**TASK STATEMENT**
In the entries that follow, the first line to write out is the one containing "Плинтус изготовлен из", and the last is the one containing "Ca y est je". Reproduce that stretch exactly, with nothing before or after it.

**RECORDS FOR THIS EXERCISE**
==*==
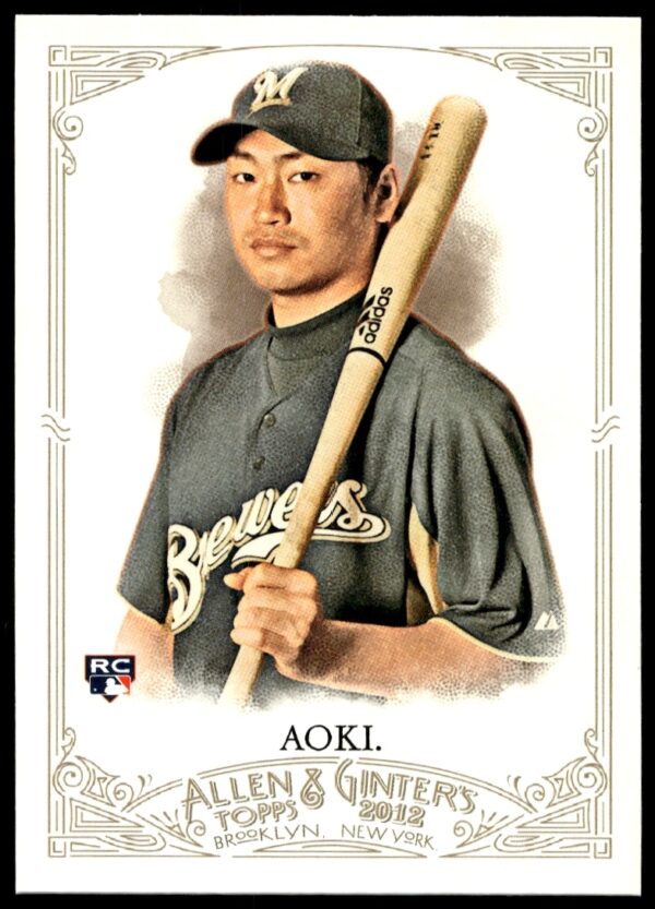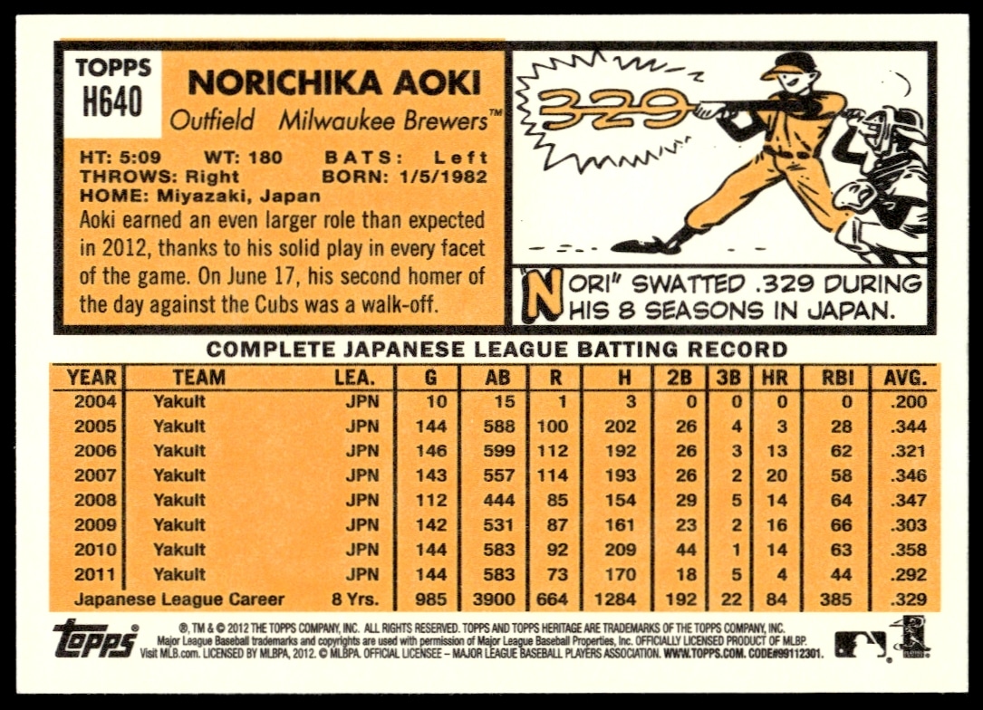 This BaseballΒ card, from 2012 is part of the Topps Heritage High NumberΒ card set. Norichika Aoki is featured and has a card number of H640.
==*==
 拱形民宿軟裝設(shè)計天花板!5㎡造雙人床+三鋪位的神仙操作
==*==
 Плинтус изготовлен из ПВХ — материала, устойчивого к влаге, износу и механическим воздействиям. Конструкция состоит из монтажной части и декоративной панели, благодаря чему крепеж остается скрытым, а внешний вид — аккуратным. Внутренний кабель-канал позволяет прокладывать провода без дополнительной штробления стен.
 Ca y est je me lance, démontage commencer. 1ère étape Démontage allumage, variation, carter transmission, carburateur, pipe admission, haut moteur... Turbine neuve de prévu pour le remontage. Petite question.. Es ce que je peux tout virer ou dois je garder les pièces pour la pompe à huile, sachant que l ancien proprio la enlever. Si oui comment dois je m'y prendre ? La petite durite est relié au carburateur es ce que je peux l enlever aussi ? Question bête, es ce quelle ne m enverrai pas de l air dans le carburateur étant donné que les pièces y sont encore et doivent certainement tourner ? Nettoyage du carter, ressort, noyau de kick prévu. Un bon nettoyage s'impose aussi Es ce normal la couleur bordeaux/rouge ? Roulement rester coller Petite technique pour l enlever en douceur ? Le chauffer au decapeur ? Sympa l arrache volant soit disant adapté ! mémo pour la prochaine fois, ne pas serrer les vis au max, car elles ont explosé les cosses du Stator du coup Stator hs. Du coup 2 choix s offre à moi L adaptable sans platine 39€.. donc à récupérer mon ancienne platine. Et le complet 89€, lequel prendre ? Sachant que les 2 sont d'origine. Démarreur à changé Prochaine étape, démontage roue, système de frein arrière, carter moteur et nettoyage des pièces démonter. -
==*==
**WRITTEN ANSWER**
 Плинтус изготовлен из ПВХ — материала, устойчивого к влаге, износу и механическим воздействиям. Конструкция состоит из монтажной части и декоративной панели, благодаря чему крепеж остается скрытым, а внешний вид — аккуратным. Внутренний кабель-канал позволяет прокладывать провода без дополнительной штробления стен.
 Ca y est je me lance, démontage commencer. 1ère étape Démontage allumage, variation, carter transmission, carburateur, pipe admission, haut moteur... Turbine neuve de prévu pour le remontage. Petite question.. Es ce que je peux tout virer ou dois je garder les pièces pour la pompe à huile, sachant que l ancien proprio la enlever. Si oui comment dois je m'y prendre ? La petite durite est relié au carburateur es ce que je peux l enlever aussi ? Question bête, es ce quelle ne m enverrai pas de l air dans le carburateur étant donné que les pièces y sont encore et doivent certainement tourner ? Nettoyage du carter, ressort, noyau de kick prévu. Un bon nettoyage s'impose aussi Es ce normal la couleur bordeaux/rouge ? Roulement rester coller Petite technique pour l enlever en douceur ? Le chauffer au decapeur ? Sympa l arrache volant soit disant adapté ! mémo pour la prochaine fois, ne pas serrer les vis au max, car elles ont explosé les cosses du Stator du coup Stator hs. Du coup 2 choix s offre à moi L adaptable sans platine 39€.. donc à récupérer mon ancienne platine. Et le complet 89€, lequel prendre ? Sachant que les 2 sont d'origine. Démarreur à changé Prochaine étape, démontage roue, système de frein arrière, carter moteur et nettoyage des pièces démonter. -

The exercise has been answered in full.